Il 3° comma c.c. infine, si occupa delle attività connesse tipiche che vengono elencate in modo molto diffuso: “manipolazione, conservazione, trasformazione, commercializzazione e valorizzazione che abbiano ad oggetto prodotti ottenuti prevalentemente dalla coltivazione del fondo o del bosco o dell’allevamento d’animali, nonché le attività dirette alla fornitura di beni o servizi mediante l’utilizzazione prevalente di attrezzature o risorse dell’azienda normalmente impiegate nell’attività agricola esercitata, ivi comprese le attività di valorizzazione del territorio e del patrimonio rurale e forestale, ovvero la ricezione ed ospitalità come definite dalla legge”.
Anche questo comma appare indirizzato all’ampliamento delle attività svolte dall’imprenditore agricolo, spingendosi molto avanti nella strada della multifunzionalità, anche se non si può negare che molte delle attività che elenca si sarebbero già potute considerare comprese fra quelle di trasformazione e alienazione svolte normalmente dall’imprenditore agricolo, secondo la vecchia formula.
In ogni modo, non si può non osservare come la multiattività sia stata molto ampliata, ammettendo largamente lo svolgimento, da parte dell’imprenditore agricolo, di attività “non agrarie” senza che ciò comporti la perdita della qualità “agraria”, e tutto ciò al fine di apprestargli nuove opportunità di integrazioni di reddito.

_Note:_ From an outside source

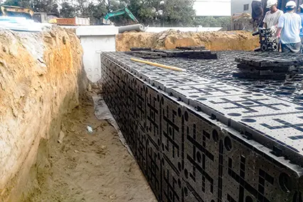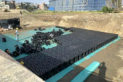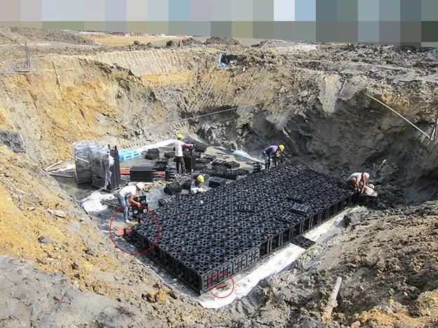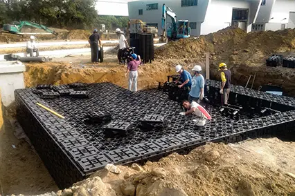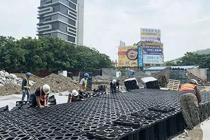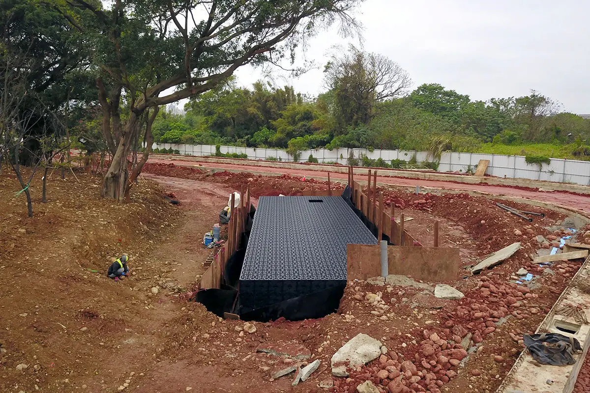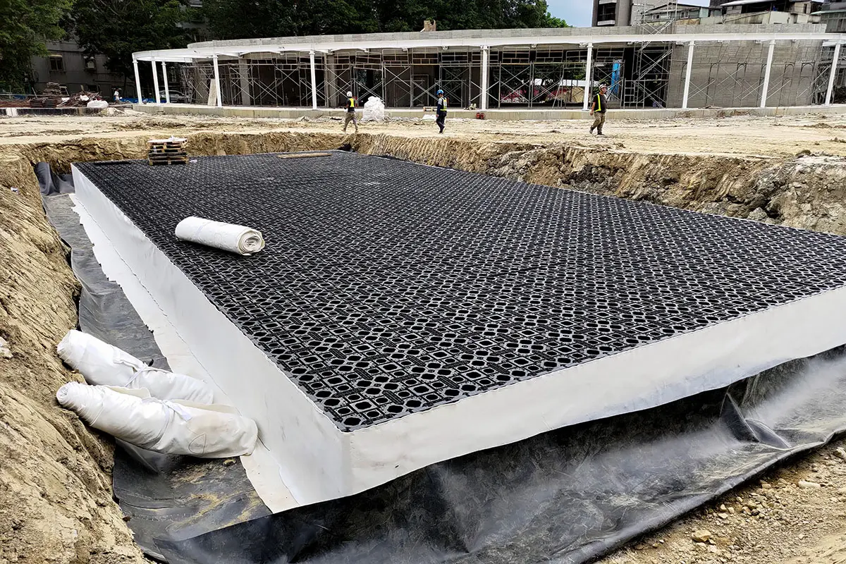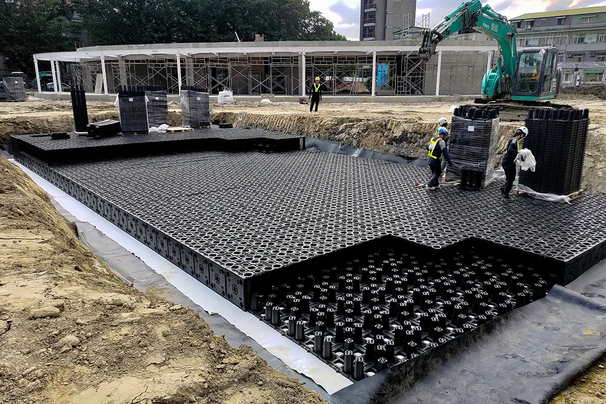 主要應用於地表面下的框架式雨水收集系統。

Inoltre, il comma 2° dell’art.1 del decreto legislativo n. 228, riconosce la qualifica di imprenditori agricoli anche alle cooperative o loro consorzi “quando utilizzano (.) prevalentemente prodotti dei soci, ovvero forniscono prevalentemente ai soci beni e servizi diretti alla cura e allo sviluppo del ciclo biologico”. Pertanto le cooperative, potendo disporre di gran copia di materie prime fornite da molti soci, possono svolgere un’attività agro-industriale mantenendo la qualifica di imprenditori agricoli per quanto riguarda la trasformazione, e metalmeccanica o chimica, per fare solo due esempi, se svolgono attività di fornitura di beni e servizi a soci agricoltori producendo esse stesse i beni distribuiti ai cooperanti; con questa formulazione, tuttavia, si sottrae un certo numero di imprese alle regole commerciali per assoggettarle a quelle agricole anche se svolgono attività che lo stesso nuovo art.2135 c.c. non considera agrarie.